Background: Type 2 diabetes (T2DM) and obesity are characterized by altered insulin metabolism and action. Reduced hepatic insulin clearance is increasingly recognized as a key contributor to hyperinsulinemia and insulin resistance. CEACAM1 promotes hepatic insulin clearance, and its loss in hepatocytes is associated with reduced insulin clearance in mice and men. This study examines whether CEACAM1 circulating levels reflect compromised insulin metabolism and resistance in the PREVADIAB2 cohort.

Methods: A total of 1019 individuals from the PREVADIAB2 cohort were evaluated for diabetes by 75 g-OGTT and classified according to WHO 2019 criteria.

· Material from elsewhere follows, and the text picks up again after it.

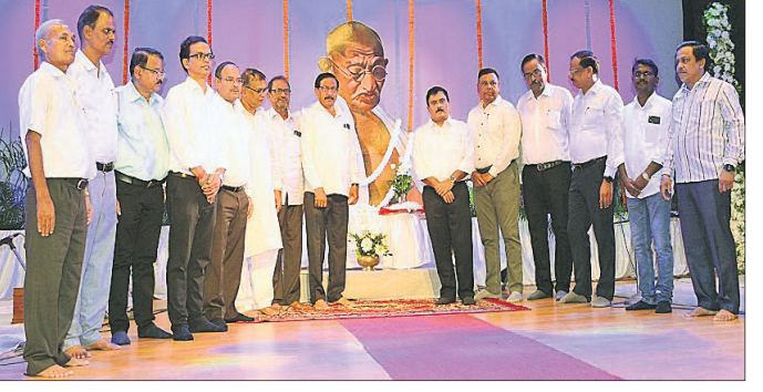
ଉପସରରେ ଅତରୁ ଭୈମିକ ଓ ଅନ୍ୟ ବିଶିଷ୍ଟ ଅଧିକାରୀ ସମ୍ମିଳିତ ଅଛନ୍ତି।

CEACAM1 circulating levels were measured by ELISA, and insulin metabolism parameters were calculated. Hierarchical clustering of insulin metabolic indices and CEACAM1 levels was performed. Statistical significance was assessed using Kruskal-Wallis and Wilcoxon-Mann-Whitney tests.

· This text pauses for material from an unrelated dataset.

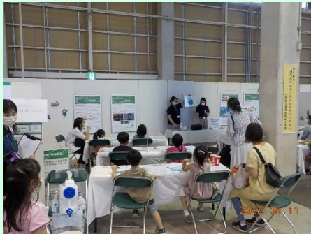
▲マイバッグ作りを始める前に、マイバッグを使う大切さについて説明しました。
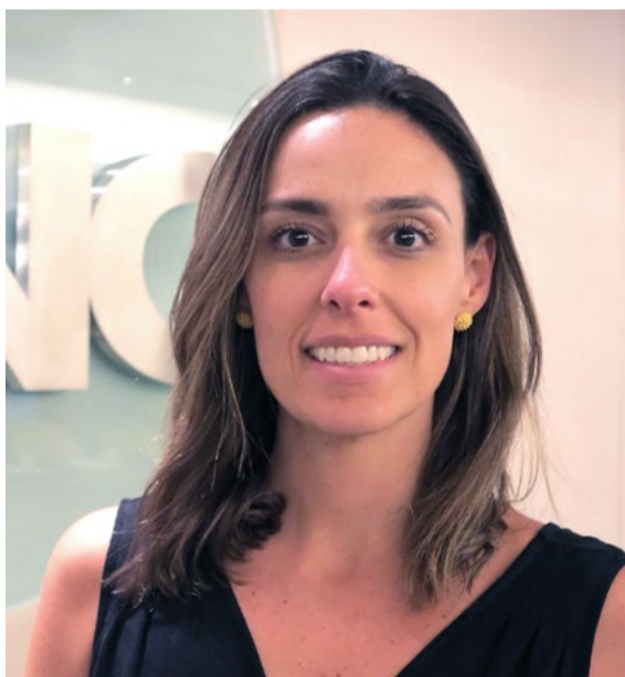
Ferreira: “O consumidor passou a procurar bens em detrimento de serviços”

Results: BMI, insulin resistance (HOMA-IR), and hepatic steatosis progressively increased with disease severity. Insulin secretion rose and its clearance declined in parallel to circulating CEACAM1 levels in prediabetes and T2DM, indicating compensatory hyperinsulinemia. Hierarchical metabolic clustering identified four clusters with distinct patterns and further showed that insulin clearance positively correlated with circulating CEACAM1, especially in individuals with normoglycemia, lower obesity and hepatic steatosis. This suggests that circulating CEACAM1 can reflect the status of hepatic insulin clearance.

Conclusions: This study demonstrates a progressive increase in insulin resistance and hyperinsulinemia in parallel to elevated BMI and hepatic steatosis prevalence, accompanied by declining circulating CEACAM1 levels. Cluster analysis further linked reduced insulin clearance to lower circulating CEACAM1 levels, suggesting its potential usefulness as a biomarker for metabolic disease progression.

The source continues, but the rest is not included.